2nd Assistant Secretary of State for Global Public Affairs
- In office September 14, 2020 – January 20, 2021
- President: Donald Trump
- Preceded by: Michelle Giuda
- Succeeded by: Elizabeth M. Allen

Personal details
- Party: Republican
- Education: New Mexico Military Institute (AA) University of Kansas (BA) American University (MA)

Military service
- Branch/service: United States Marine Corps
- Battles/wars: Iraq War

= Aaron Ringel =

American political advisor

Aaron E. Ringel is an American political advisor who served as the assistant secretary of state for global public affairs from 2020 to 2021 during the presidency of Donald Trump.

== Education ==
Ringel earned an associate degree from the New Mexico Military Institute, a Bachelor of Arts degree in political science and international affairs from the University of Kansas, and a Master of Arts in U.S. foreign policy from American University.

== Career ==
Ringel served in the United States Marine Corps Reserve for eight years and was deployed to Iraq in 2005. In 2006 and 2007, he was a legislative assistant at Bracewell LLP. He then worked as an aide in the United States House of Representatives for one year. In 2009, Ringel was an unsuccessful Republican candidate for a seat in the Virginia House of Delegates.

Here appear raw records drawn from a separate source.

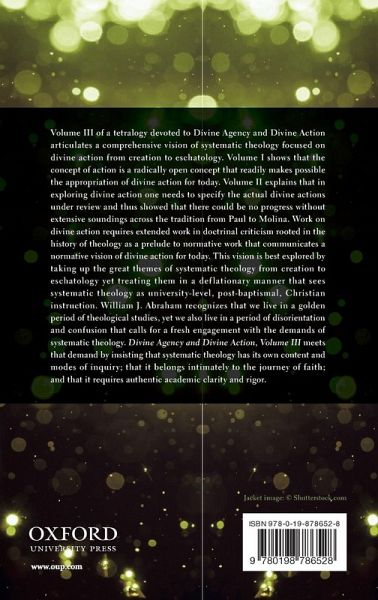 Volume III of a tetralogy devoted to Divine Agency and Divine Action articulates a comprehensive vision of systematic theology focused on divine action from creation to eschatology. Volume I developed the foundational conceptual work by showing that the concept of action is a radically open concept that readily makes possible the appropriation of divine action for today. Volume II explained that in exploring divine action one needs to specify the actual divine actions under review and thus showed that there could be no progress with extensive soundings across the tradition from Paul to Molina. Work on divine action requires extended work in doctrinal criticism rooted in the history of theology as a prelude to normative work that communicates a normative vision of divine action for today. This vision is best explored by taking up the great themes of systematic theology from creation to eschatology yet treating them in a deflationary manner that sees systematic theology as university-level, postbaptismal, Christian instruction. Leading scholar William J. Abraham recognises that we live in a golden period of theological studies-the range and depth of material is extraordinary-yet we also live in a period of disorientation and confusion that calls for a fresh engagement with the demands of systematic theology. Divine Agency and Divine Action, Volume III meets that demand by insisting that systematic theology has its own content and modes of inquiry; that it belongs intimately to the journey of faith; and that it requires authentic academic clarity and rigor. It reclaims the rightful place of systematic theology as the center of gravity for theological studies but does so in a manner that makes it available to both the church and to the academy.
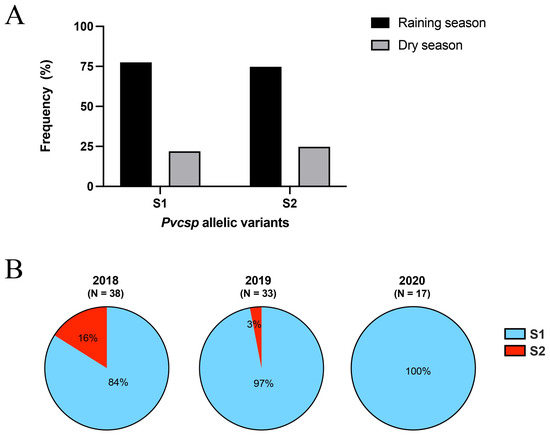 (A) Distribution of VK210 variants during different seasons: June to October (rainy season) and November to May (dry season). (B) Frequency distribution of Pvcsp allelic variants, S1 and S2, in southern P. vivax isolates. Analysis of 88 isolates from the period from 2018 to 2020.
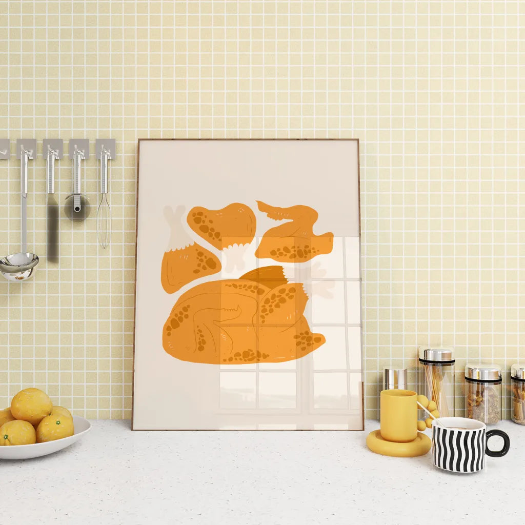 Meet Roasted Chicken a gem from our Minimal Gourmet Art Collection. Printed on premium, gallery-grade canvas and fine art paper, this piece brings soft matte texture and lush, vibrant tones to your walls.
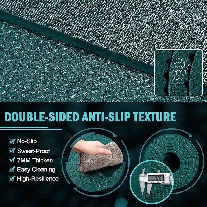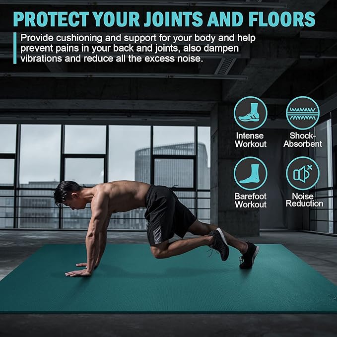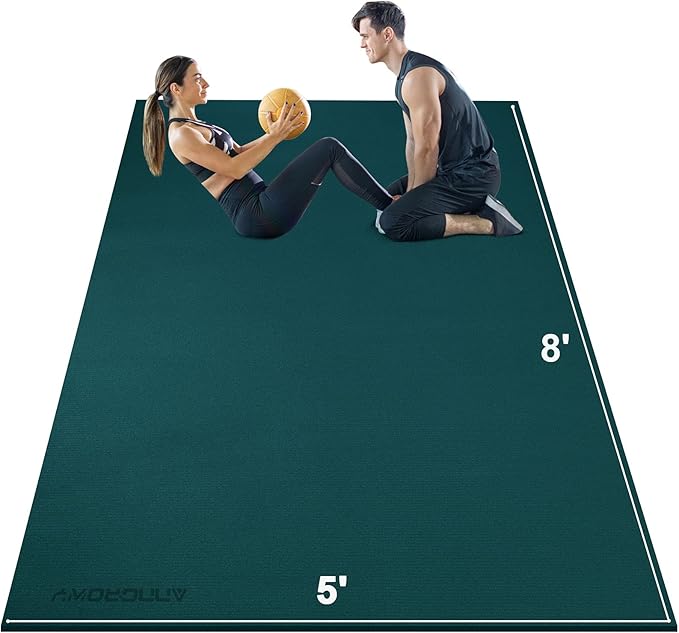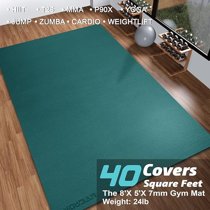 - ✅EXTRA-LARGE HOME GYM MAT COVERS 40 SQUARE FEET: The 8’x5’x7mm large fitness mat instantly transforms any space into a professional gym, giving you and your partners more than enough room to workout on without feeling cramped, and the floor mat is even shoe-friendly, whether you’re doing cardio, yoga, weightlift, dance workout including P90x, MMA, TAM, insanity, T25, Zumba, TRX, kettlebell, jumping rope or need large mats to install underneath a treadmill or weight bench, try this exercise mat.
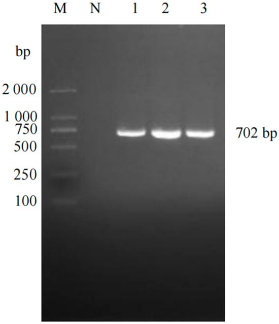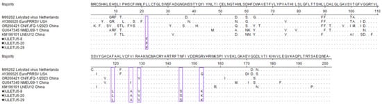 PRRSV belongs to the order Nidovirales, family Arteriviridae, and genus Arterivirus. Its genome is a non-segmented, single-stranded positive-sense RNA, approximately 15.4 kb in length, containing at least 12 open reading frames (ORFs) that encode eight structural proteins and at least 16 non-structural proteins []. From the 5′ end to the 3′ end, the genome is composed of ORF1a, ORF1b, ORF2a, ORF2b, ORF3, ORF4, ORF5a, ORF5, ORF6, and ORF7. Among them, ORF1a and ORF1b, located at the 5′ end, account for approximately 80% of the total genome length and are responsible for encoding replication enzyme proteins with RNA polymerase activity []. ORF5 encodes the envelope glycoprotein (GP5) of the virus, ORF6 encodes the membrane protein (M), and ORF7 encodes the nucleocapsid protein (N). GP5 and M are the main targets for antigenic epitope research [,,]. Notably, ORF5 is commonly used for PRRSV genotyping, genetic variation analysis, and evolutionary studies [].
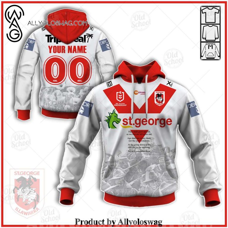 NOTE: [Top-selling] Personalized NRL St George Illawarra Dragons ANZAC Jersey For Fans All Over Printed Shirt
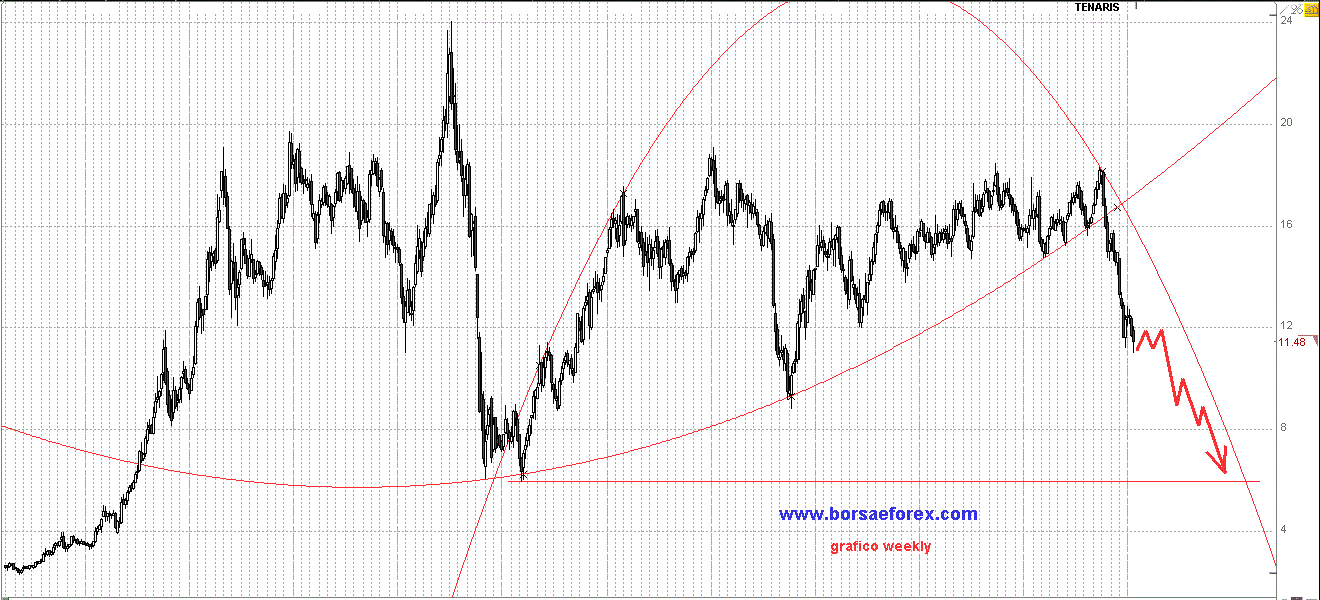Il grafico allegato mostra come la violazione dell'evolvente parabolica di supporto (grande occasione persa) abbia innescato una situazione negativa che si dipanerà a lungo, credo per un anno fino a far scivolare i valori del titolo in area 6 euro.
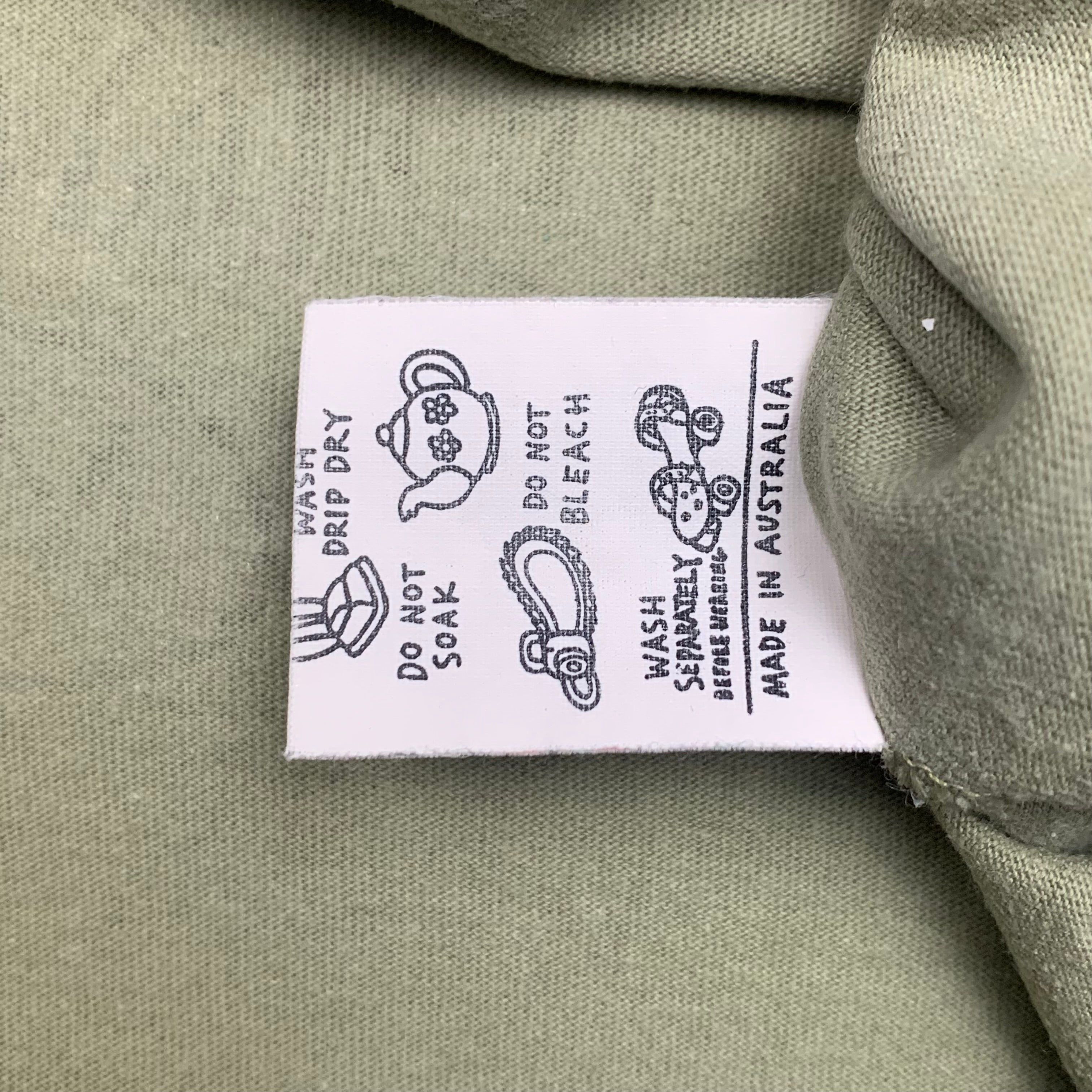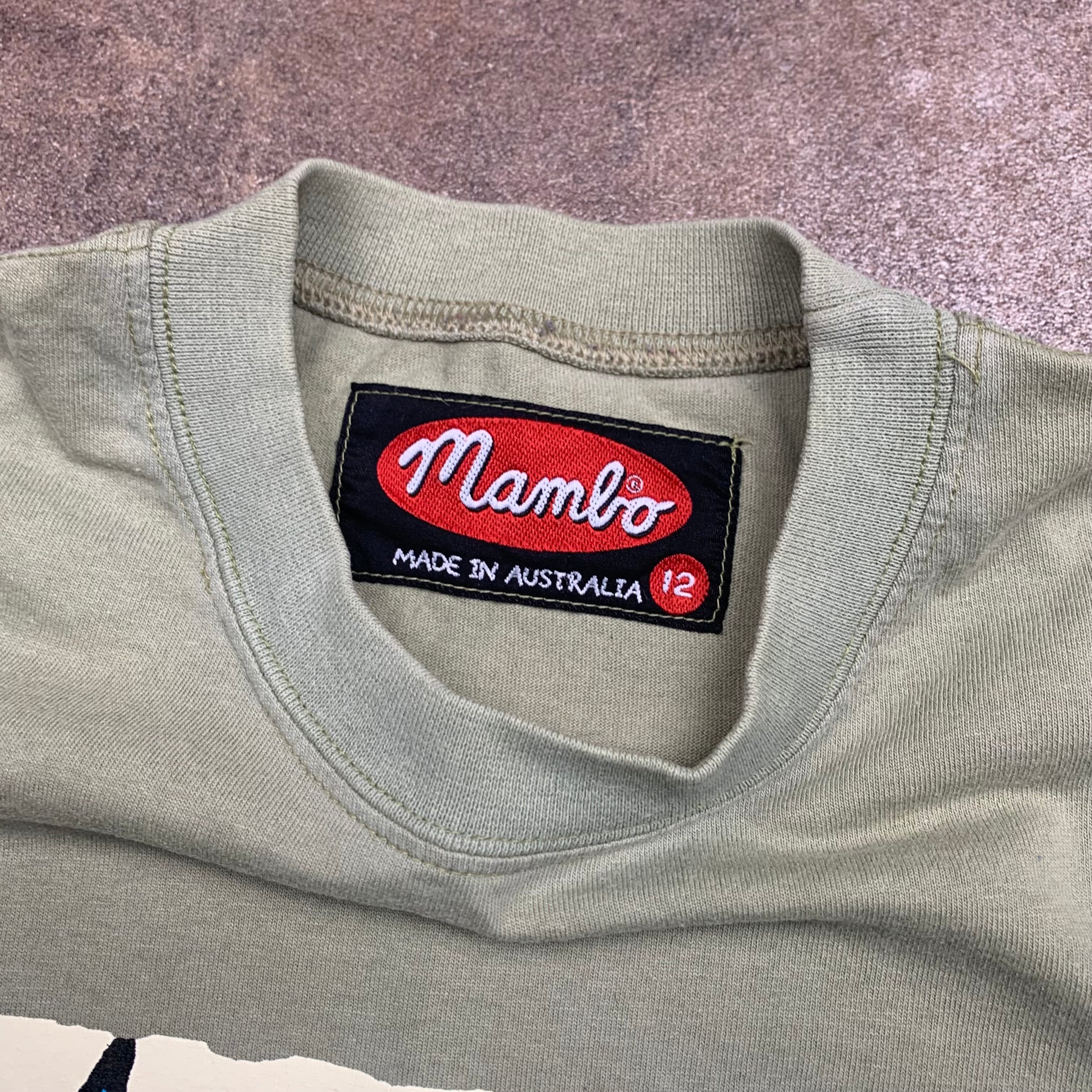 Rare Mambo tee with printed graphics front and back, coloured green all over and in excellent second hand condition with unnoticeable discolouring on the front and a repair to the back of the neck.

Ringel later worked on the political campaign of Michael Grimm and joined Grimm's congressional staff as legislative director. From 2014 to 2017, he was the legislative director for then-Congressman Mike Pompeo. In 2017, he was deputy chief of staff for Congressman Richard Hudson. In May 2017, Ringel joined the United States Environmental Protection Agency as deputy associate administrator for congressional affairs. In 2019, he became a senior advisor in the Bureau of Energy Resources. He became assistant Secretary of state for global public affairs in September 2020.